When using var externally, an error occurs. Parse error: syntax error, unexpected T_VAR in..., for example, my error message:
Parse error: syntax error, unexpected T_VAR in D:Apache2. 2htdocsshirdrnpagep2pageUtil.inc on line 34
I was testing: When using a self-defined class object as a member of this class inside a class, something went wrong.

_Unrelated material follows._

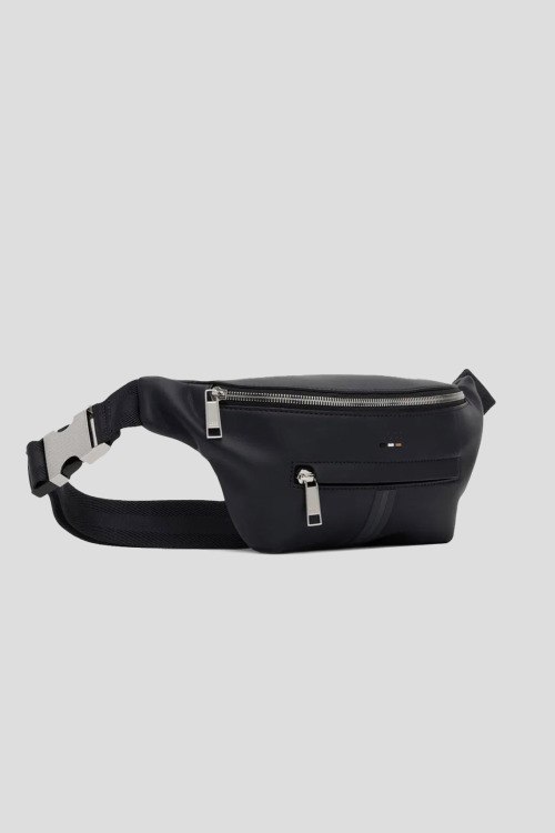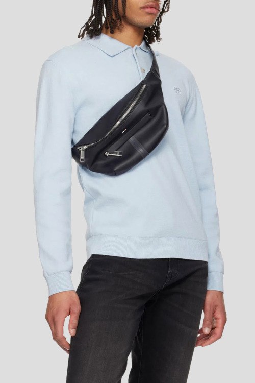 Детали: Мужская темно-синяя сумка на пояс из экокожи Ray_S_Bumbag от Hugo Boss (Хуго Босс). Модель из гладкой кожи, тиснение логотипа, внешний карман на молнии, застежка-молния, одно отделение, регулируемый поясной ремень. Размеры: 21 x 15.5 x 5 см

The address.inc code corresponding to the Address class:
The code is as follows:
<?php class Address { var $road; function Address(){} function setRoad($road){ $this->road = $road; } } ?>
Person class and its test code are person .php is as follows:
The code is as follows:
<?php require("address.inc"); class Person { var $name; var $address; function Person(){ } function display(){ echo "Name : ".$this->name."<BR>"; echo "Road : ".$this->address->road."<BR>"; } } var $p = new Person(); $p->address = new Address(); $p->address->setRoad("Chagnchun Road"); $p->name = "Shirdrn"; $p->display(); ?>
The test output is abnormal:
Parse error: syntax error, unexpected T_VAR in D:Apache2.2htdocsshirdrnpagep2pageUtil.inc on line 34
It is because var is used to declare variables in the person.php code. This cannot be done in PHP. Just use the "$" symbol to start. What follows this character is a PHP variable.